Ricorda sempre la prima legge di gravitazione sessuale:

Ciò che si dicono gli amanti in un letto resta segreto.
Non c'è modo di verificare, mai, l'oggettività della vita sessuale di una coppia. Ergo, non vale la pena di preoccuparsene.

Mi dispiace che tu ti senta presa in giro. 
Davvero io pensavo che lui, fosse come me.

Non ho MAI fatto promesse a nessuno.
Non ho bisogno di fare promesse.
Faccio sempre prima i fatti e poi le parole.

Però rileggendoti mi spiego tantissime cose, se fossi stato più sleale, oggi forse, terrei ancora la mia amante in sospeso.
Come amante sarei così: " Premesso che non esiste nessuna donna che può chiedermi di lasciare la mia famiglia per lei, eccomi sono qua".

Vedi, io potrei lasciare, anche la mia famiglia, ma solo se fossi capace di garantire ad essa il giusto sostentamento. 

Insomma ognuno si deve assumere le proprie responsabilità. 
E in certi mondi, proprio perchè si è responsabili, ci si aiuta e ci si protegge.

Ma perchè le donne sono così strane?
Non possono vivere una storia extra in santa pace?
Delimitandone i contorni, prendendosene solo i vantaggi, che la condizione comporta?

Poi Eli, se tu ami sinceramente e lui no, allora è un altro paio di maniche.

Ma è anche vero che se una ti dice, non posso accampare dei diritti su di te, non sai proprio come prenderla: saggezza, o ridimensionamento?

Caso mai, una moglie saggia, capisce, arriva a dirti, ok, mi sono resa conto che il tuo cuore è orientato altrove, e pur che tu sia sereno e felice, ti lascio andare, ti lascio libero.

L'amore dovrebbe essere dedizione, essere per, e non ancora una volta un riempitivo dei nostri bisogni.

Un uomo deve poter valutare ogni possibile conseguenza delle sue azioni. Perchè se è uomo, SA che il suo orgoglio gli impedisce di chiedere scusa, il suo orgoglio gli fa dire, ok, ho fatto una cazzata, e ora risarcisco tutti i danni.

E qui mi collego alla mail di Ellina.
Se io fossi suo marito manderei anche una mail, ma solo con questo sapore: senti, ho trafficato, ho vissuto, mi sono dato da fare, e mi è andata bene, tu sei stata costretta a vivere male senza il mio aiuto e presenza. Ti prego, ho pensato di mandarti ogni mese, questo assegno, come risarcimento per il male che ti ho fatto, e per aiutarti nelle difficoltà in cui versi.

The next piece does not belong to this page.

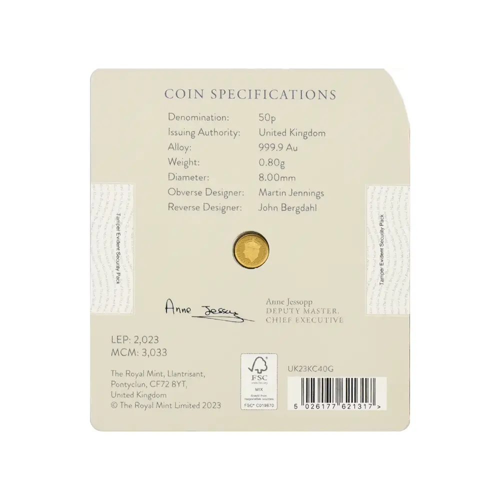 2023 チャールズ3世 戴冠記念 50ペンス1/40オンスプルーフ金貨 未鑑定 ブリスターパック付き

In questo senso sono come Don Giovanni. NON MI PENTO.
Presa una via, io la porto sempre alle estreme conseguenze.
Presa una via, io devo andare fino in fondo, costi quel che costi, per vedere che cosa c'è alla fine della via.

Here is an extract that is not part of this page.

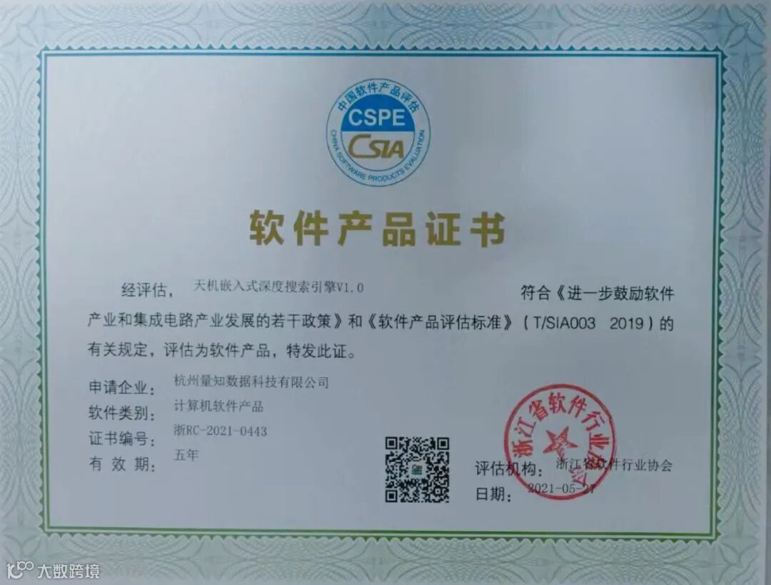 量知科技认定为浙江省软件企业、浙江省软件产品称号

Non si può passare la vita in maniera infingarda.
Me lo diceva sempre, la mia ragazza, filosofa, quella morta per tumore all'utero. OSA, osa, osa!
E quando ho OSATO nella vita, ho sempre ottenuto risultati che hanno sorpreso anche me stesso.

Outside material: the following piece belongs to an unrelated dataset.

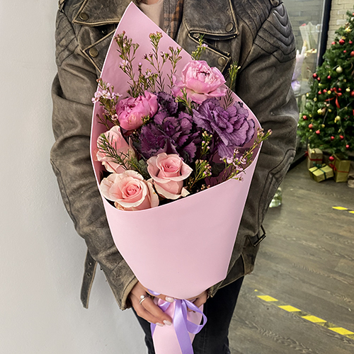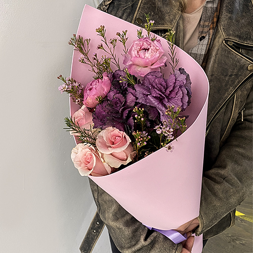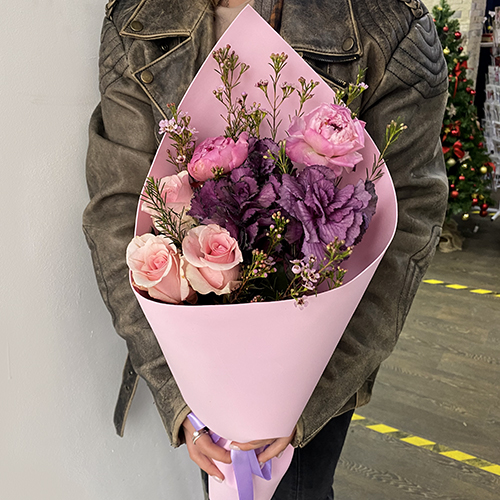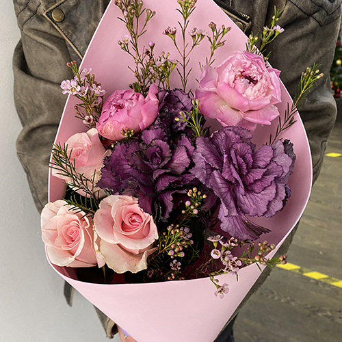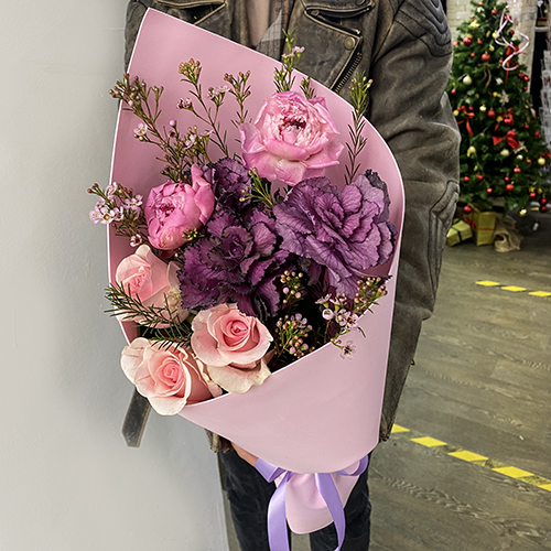 Букет из пионов, брассики и роз

Io posso scavalcare l'Everest per una donna, ma NE DEVE VALERE LA PENA, ok?


----------



## Elisa (22 Aprile 2010)

Amoremio ha detto:


> se te lo dice lei:
> 1) puoi crederci e
> 2)puoi contemporaneamente pensare che il fatto che lei ne parli (a una persona con cui non ha una particolare intimità) significa che non lo trova normale e che (indipendentemente dalle scuse che trova per il suo uomo) se ne dolga
> 
> il punto 2 ti dovrebbe dire qualcos'altro


ho capito dove vuoi arrivare...


----------



## Elisa (22 Aprile 2010)

Kid ha detto:


> Perchè devi dare una ragione all'amante per farla rimanere tale. Già arriva seconda, se poi le dici che a casa trombi da dio...


e a cosa serve l'amante se ami e scopi da Dio con tua moglie??


----------



## Kid (22 Aprile 2010)

Elisa ha detto:


> e a cosa serve l'amante se ami e scopi da Dio con tua moglie??



Scopare da dio o sentirsi nuovamente un adolescente innamorato, sono due cose diverse. Conquistare una donna non ha prezzo per un uomo.


----------



## contepinceton (22 Aprile 2010)

Kid ha detto:


> Scopare da dio o sentirsi nuovamente un adolescente innamorato, sono due cose diverse. Conquistare una donna non ha prezzo per un uomo.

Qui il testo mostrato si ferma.